[Opening RECORDS FOR THIS TASK section]

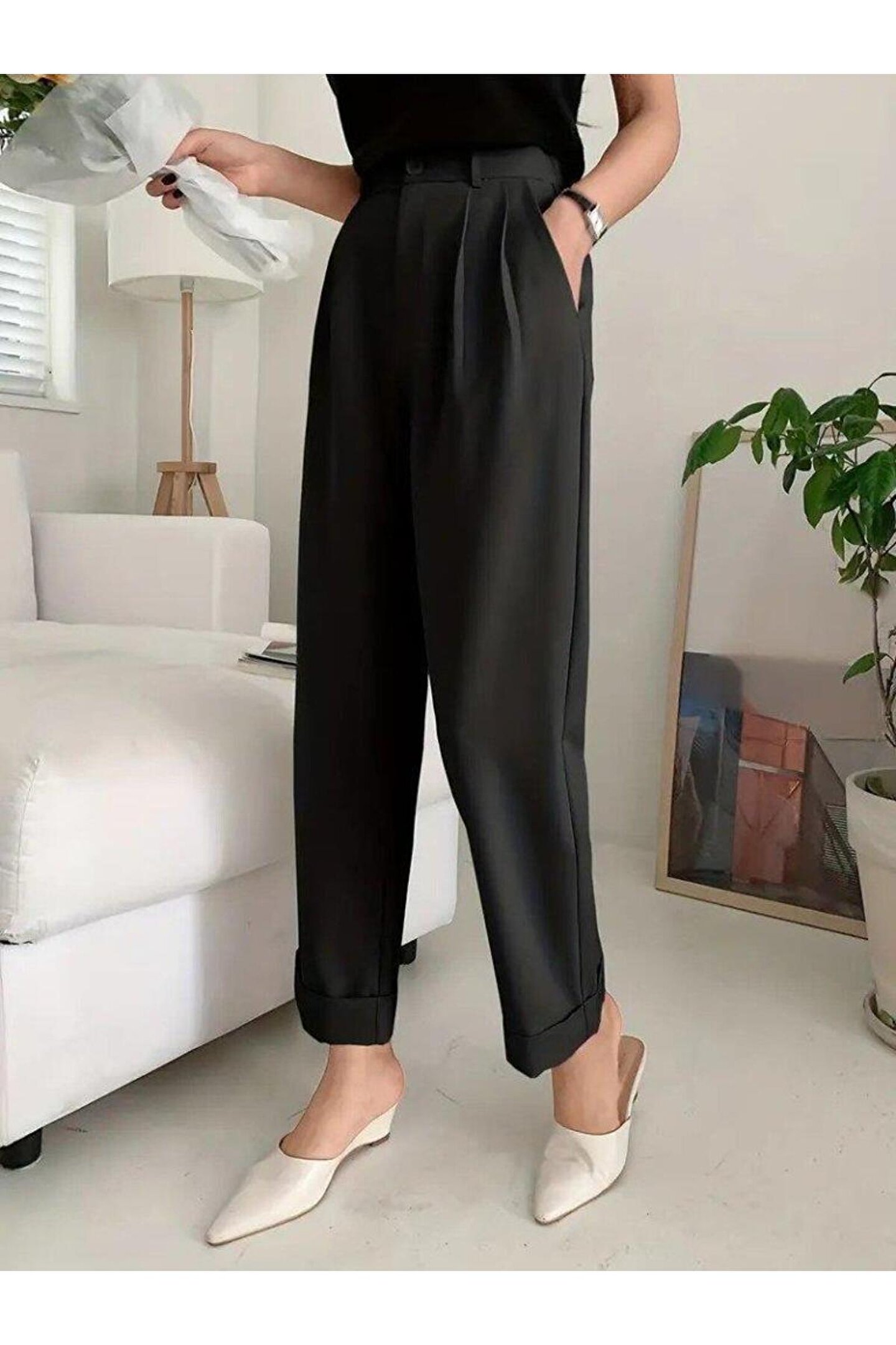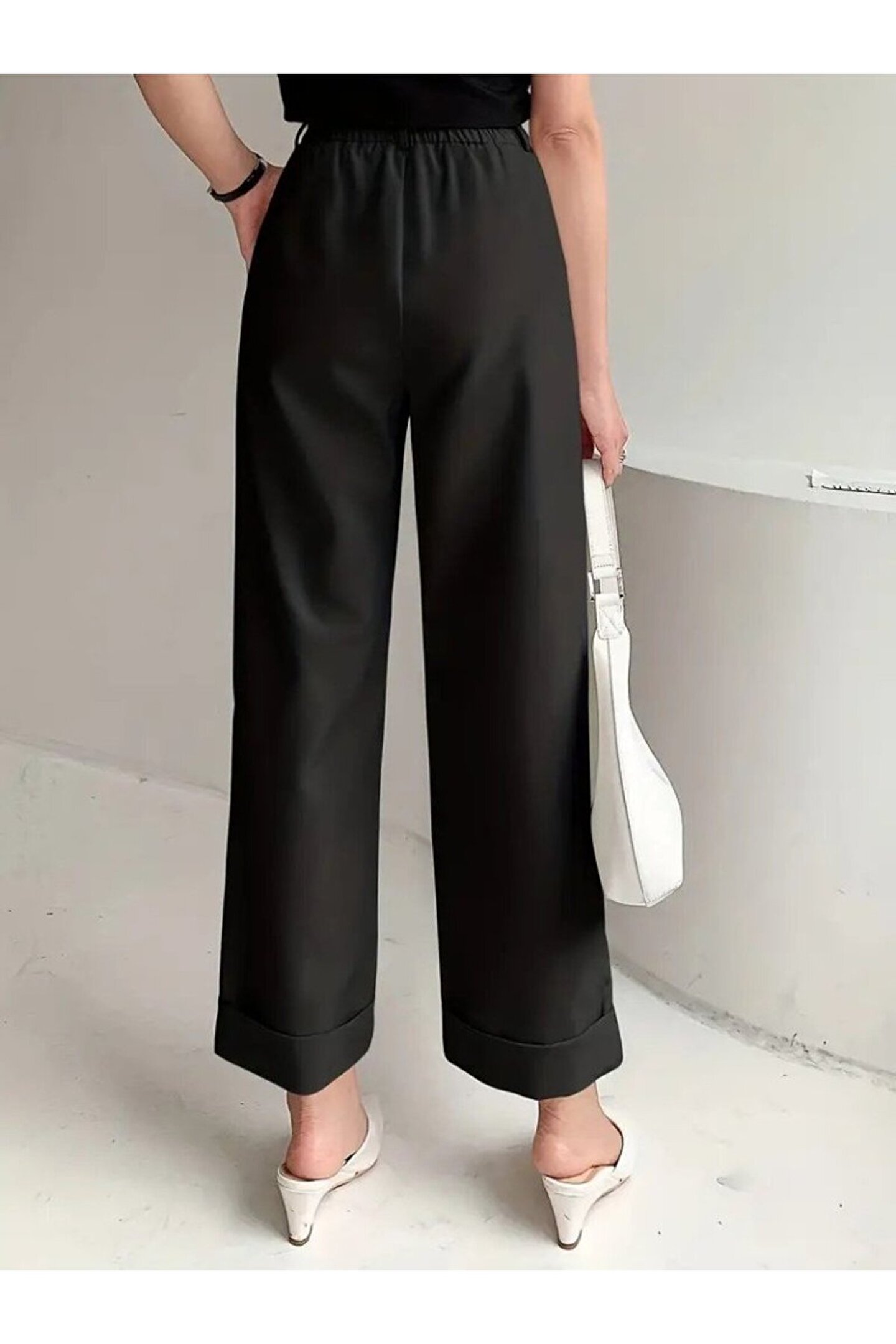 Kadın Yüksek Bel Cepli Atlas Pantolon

[Closing RECORDS FOR THIS TASK section]
[Opening RECORDS FOR THIS TASK section]

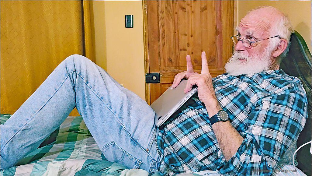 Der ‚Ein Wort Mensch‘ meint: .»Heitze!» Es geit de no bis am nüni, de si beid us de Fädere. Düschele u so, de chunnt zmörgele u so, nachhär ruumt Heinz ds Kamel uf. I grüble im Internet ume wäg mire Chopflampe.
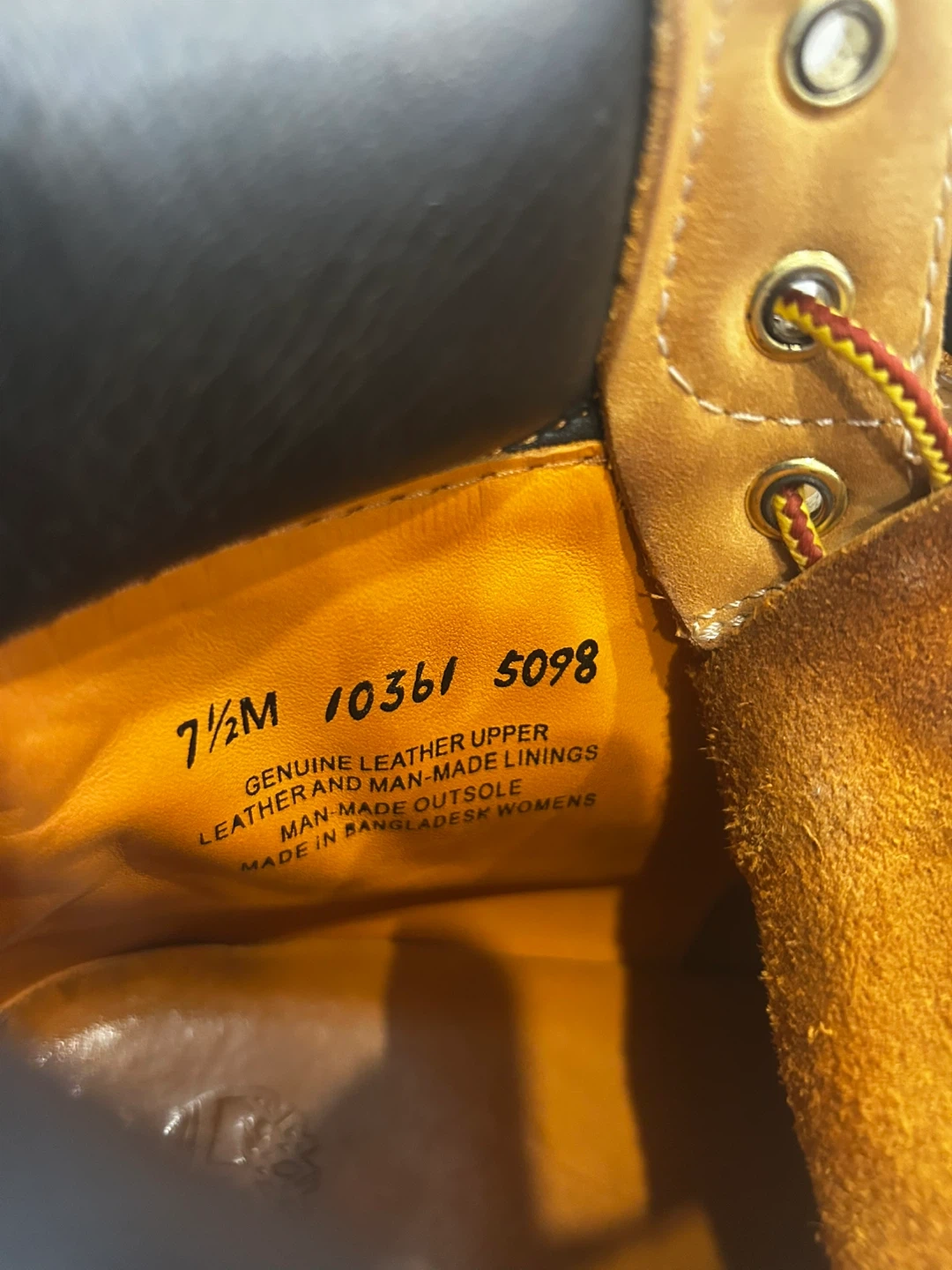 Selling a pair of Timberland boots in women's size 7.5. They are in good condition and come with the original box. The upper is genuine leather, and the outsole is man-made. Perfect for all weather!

[Closing RECORDS FOR THIS TASK section]
[Opening RECORDS FOR THIS TASK section]

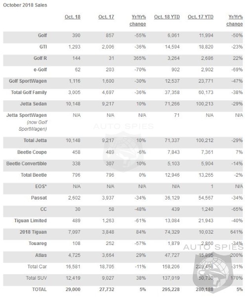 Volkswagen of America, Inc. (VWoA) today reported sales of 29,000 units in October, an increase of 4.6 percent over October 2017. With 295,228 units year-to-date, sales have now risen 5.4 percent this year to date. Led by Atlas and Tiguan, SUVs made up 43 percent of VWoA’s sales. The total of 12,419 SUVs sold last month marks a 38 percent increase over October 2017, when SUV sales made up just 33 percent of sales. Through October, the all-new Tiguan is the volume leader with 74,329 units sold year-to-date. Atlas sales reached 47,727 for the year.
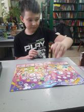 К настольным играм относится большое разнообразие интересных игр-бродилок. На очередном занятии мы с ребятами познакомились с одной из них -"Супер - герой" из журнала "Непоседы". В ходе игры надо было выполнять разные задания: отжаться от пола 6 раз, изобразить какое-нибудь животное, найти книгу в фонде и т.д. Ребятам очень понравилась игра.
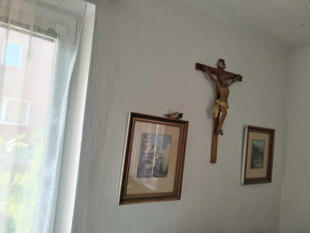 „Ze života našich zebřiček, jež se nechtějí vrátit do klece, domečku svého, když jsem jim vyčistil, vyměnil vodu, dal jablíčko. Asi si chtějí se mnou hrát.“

[Closing RECORDS FOR THIS TASK section]

### AIM OF THE EXERCISE
What is needed is an exact copy of the lines above from the one with "Volkswagen of America, Inc." to the one with "našich zebřiček, jež", both ends kept, and nothing more; please leave the pictures out.

### TASK RESPONSE
 Volkswagen of America, Inc. (VWoA) today reported sales of 29,000 units in October, an increase of 4.6 percent over October 2017. With 295,228 units year-to-date, sales have now risen 5.4 percent this year to date. Led by Atlas and Tiguan, SUVs made up 43 percent of VWoA’s sales. The total of 12,419 SUVs sold last month marks a 38 percent increase over October 2017, when SUV sales made up just 33 percent of sales. Through October, the all-new Tiguan is the volume leader with 74,329 units sold year-to-date. Atlas sales reached 47,727 for the year.
 К настольным играм относится большое разнообразие интересных игр-бродилок. На очередном занятии мы с ребятами познакомились с одной из них -"Супер - герой" из журнала "Непоседы". В ходе игры надо было выполнять разные задания: отжаться от пола 6 раз, изобразить какое-нибудь животное, найти книгу в фонде и т.д. Ребятам очень понравилась игра.
 „Ze života našich zebřiček, jež se nechtějí vrátit do klece, domečku svého, když jsem jim vyčistil, vyměnil vodu, dal jablíčko. Asi si chtějí se mnou hrát.“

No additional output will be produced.